Normalización de la tortura

Normalización de la tortura

Uno de los signos más perturbadores de los tiempos que vivimos es la normalidad con que se acepta discutir hoy un tema considerado tabú desde el momento mismo en que se consagró la dignidad humana como valor supremo universal: la tortura.

La más reciente muestra de esta inquietante tendencia contemporánea la encontramos en la admisión del ex presidente George W. Bush de haber autorizado torturar al paquistaní Jaled Sheik Mohamed y en su justificación general de unos  interrogatorios mediante la técnica del ahogamiento simulado (“waterboarding”) que, según él, “ayudaron a desbaratar planes para atacar instalaciones de la diplomacia norteamericana y otros objetivos dentro de Estados Unidos”.

Lo que esto evidencia es que ya la tortura no es el secreto obsceno más interno de los cuerpos de inteligencia y seguridad de las potencias, eso que se lleva a cabo de modo velado porque es efectivo pero que nunca se admite en público, sino que es algo absolutamente normalizado, que se practica abiertamente y sin tapujos y que se admite incluso de modo público al más alto nivel. Hay quien diría, como el filósofo esloveno Slavoj Zizek, que “los que no defienden la tortura en forma abierta, pero la aceptan como un tema válido de debate, son más peligrosos que los que la aprueban de modo explícito: en tanto que –en este momento, al menos- la aprobación explícita sería demasiado perturbadora y por ende rechazada, la simple introducción de la tortura como un tema válido nos permite considerar la idea con buenos ojos y conservar la conciencia limpia a la vez. ‘Por supuesto que estoy en contra de la tortura, pero no le hace daño a nadie que sólo la discutamos’”.

Pero lo cierto es que colocar como tema de debate la legitimidad de la tortura, aunque sea sólo en casos excepcionales donde peligren miles de vidas de inocentes, es el paso previo a la defensa pura, simple y abierta de la tortura. Y es que los campos de exterminio nazi no hubiesen sido posibles si no hubiesen sido precedidos por cientos de libros, congresos científicos y polémicas intelectuales acerca de la superioridad racial de los arios y la necesidad de exterminar aquellas vidas que no valía la pena que vivieran.

No me imagino a ningún sacerdote católico defendiendo abiertamente la pedofilia. Todo el mundo sabe que abusar sexualmente de los niños está mal y que bajo ninguna circunstancia se puede justificar tal crimen. Como afirma Zizek, “la moralidad nunca es una cuestión de conciencia individual; solo prospera si se apoya en lo que Hegel denominó el ‘espíritu objetivo’ o la ‘sustancia de los mores’, el conjunto de reglas tácitas que constituyen la base del comportamiento del individuo, y que nos dicta qué es aceptable y qué no lo es.

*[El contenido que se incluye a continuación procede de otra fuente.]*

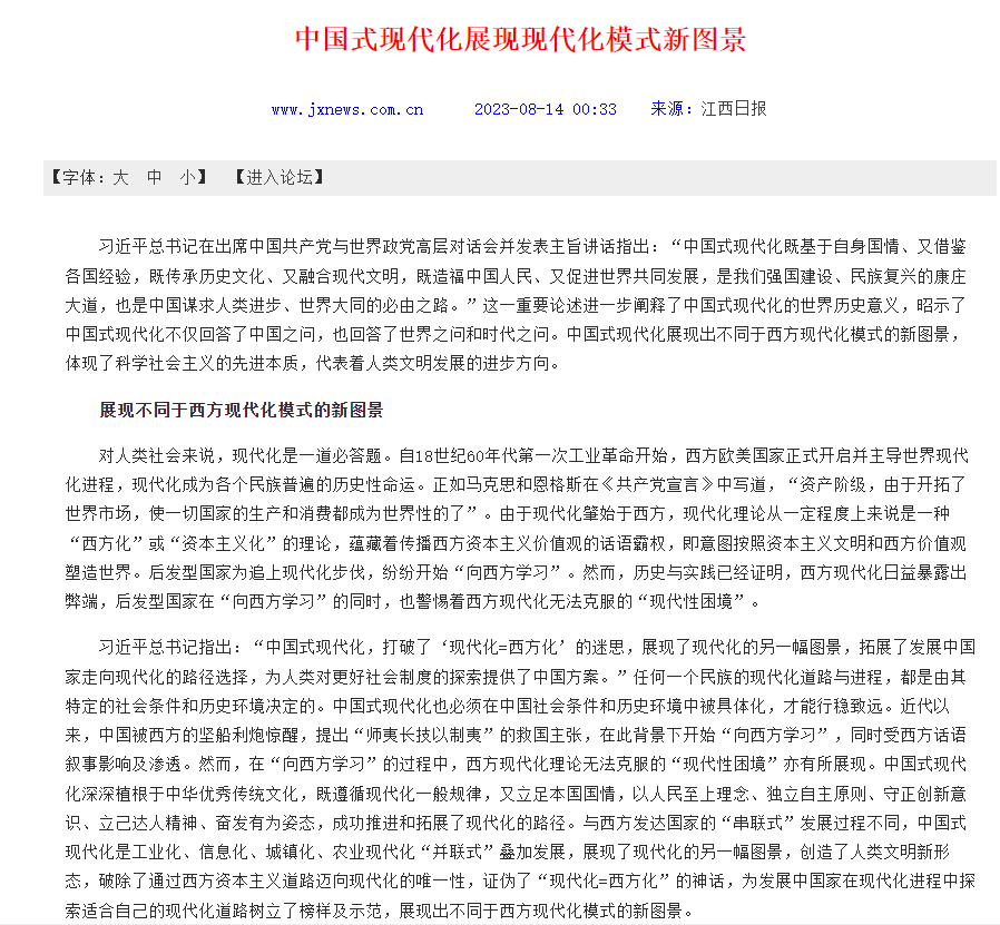 近日,《江西日报》理论版刊发我校马克思主义学院陈付龙教授的理论文章《中国式现代化展现现代化模式新图景》。
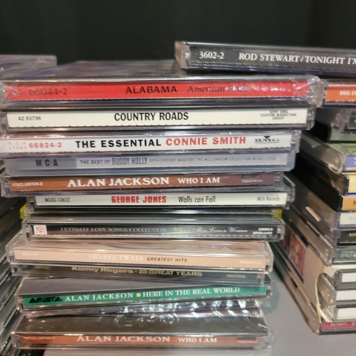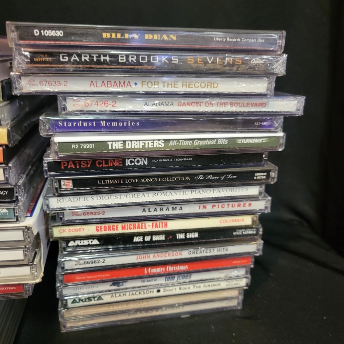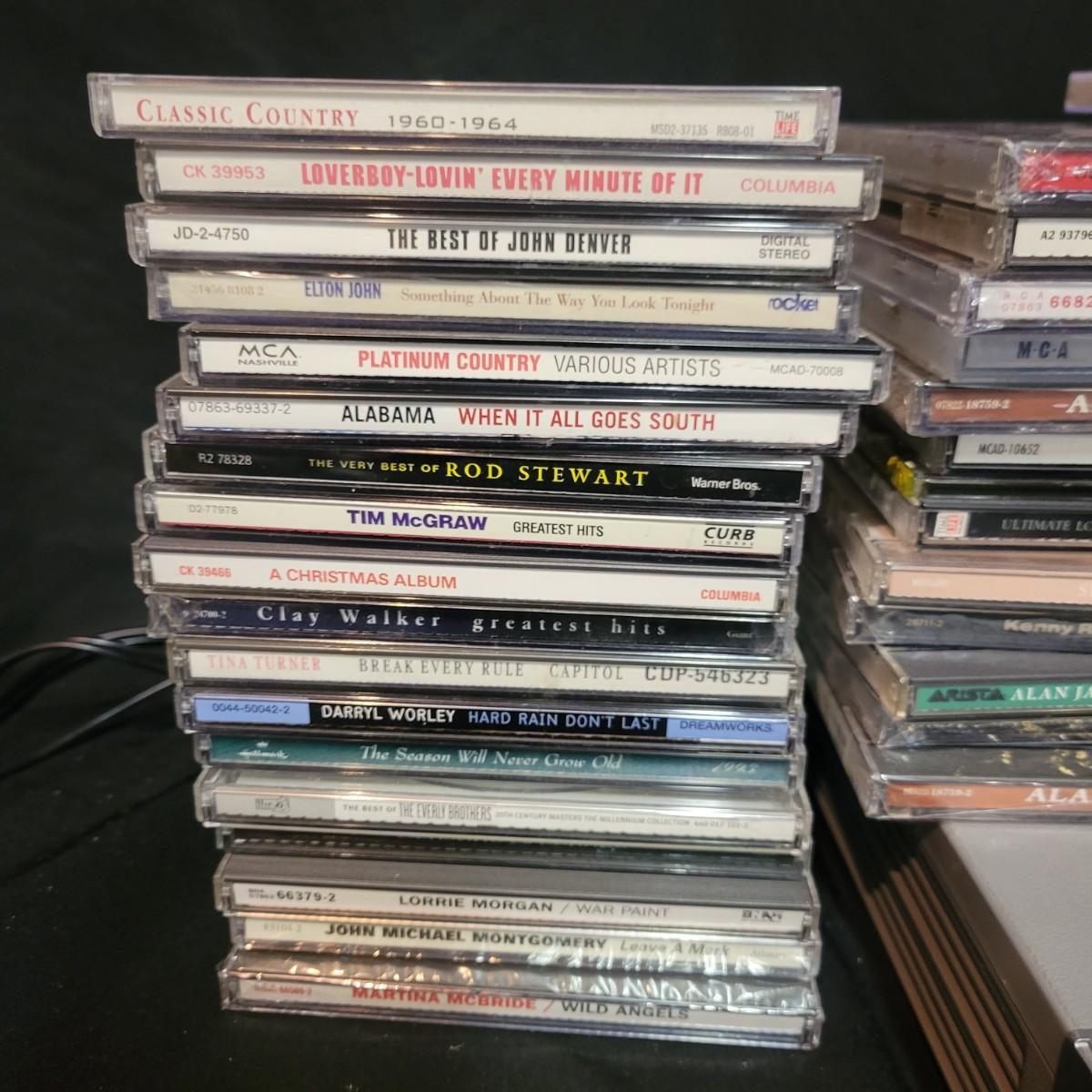 An assortment of CDs amd a Magnavod CD/DVD player. Over 60 CDs are included from artists like Alan Jackson, Alabama, George Micheal, Tom Jones and more. Also includes a Magnavox CD/DVD player, model # MWD200F, that powered on when plugged in. Local pickup only

Por ejemplo, el signo de progreso en nuestras sociedades reside en que ya no es necesario presentar argumentos contra la violación: es ‘dogmáticamente’ obvio para todo el mundo que la violación está mal, y todos sentimos que incluso argüir contra ella estaría de más.

Si a alguien se le ocurriera defender la legitimidad de la violación, sería lamentable que pretendiéramos demostrar lo contrario: si lo hiciéramos quedaríamos descalificados de inmediato y haríamos el ridículo. Y lo mismo debe ser válido para la tortura”.

Con la defensa abierta de la tortura y con su legitimación aún sea en circunstancias excepcionales, incluso con autorización judicial -como pretende Alan Derschowitz- y solo contra ciertas personas a quienes se considera “no-personas” –como postula el Derecho Penal del enemigo-, simple “homo sacer” (Agamben), vidas que pueden ser sencillamente eliminadas sin responsabilidad penal para los asesinos, el poder quiere romper nuestra escala ética y anular nuestra sensibilidad moral intuitiva, forjada en un paulatino desarrollo de la civilización desde las cavernas, pasando por la Inquisición, hasta llegar al genocidio nazi y las guerras sucias iberoamericanas. Cada vez que se defiende o legitima la tortura perdemos una parte esencial de nuestra identidad colectiva y de lo que nos hace seres humanos dignos. Ante esta obscena racionalización de los tratos crueles, inhumanos y degradantes, solo nos queda concordar con Heidegger cuando enigmáticamente declaró a la revista Der Spiegel: “Solo un Dios puede salvarnos”.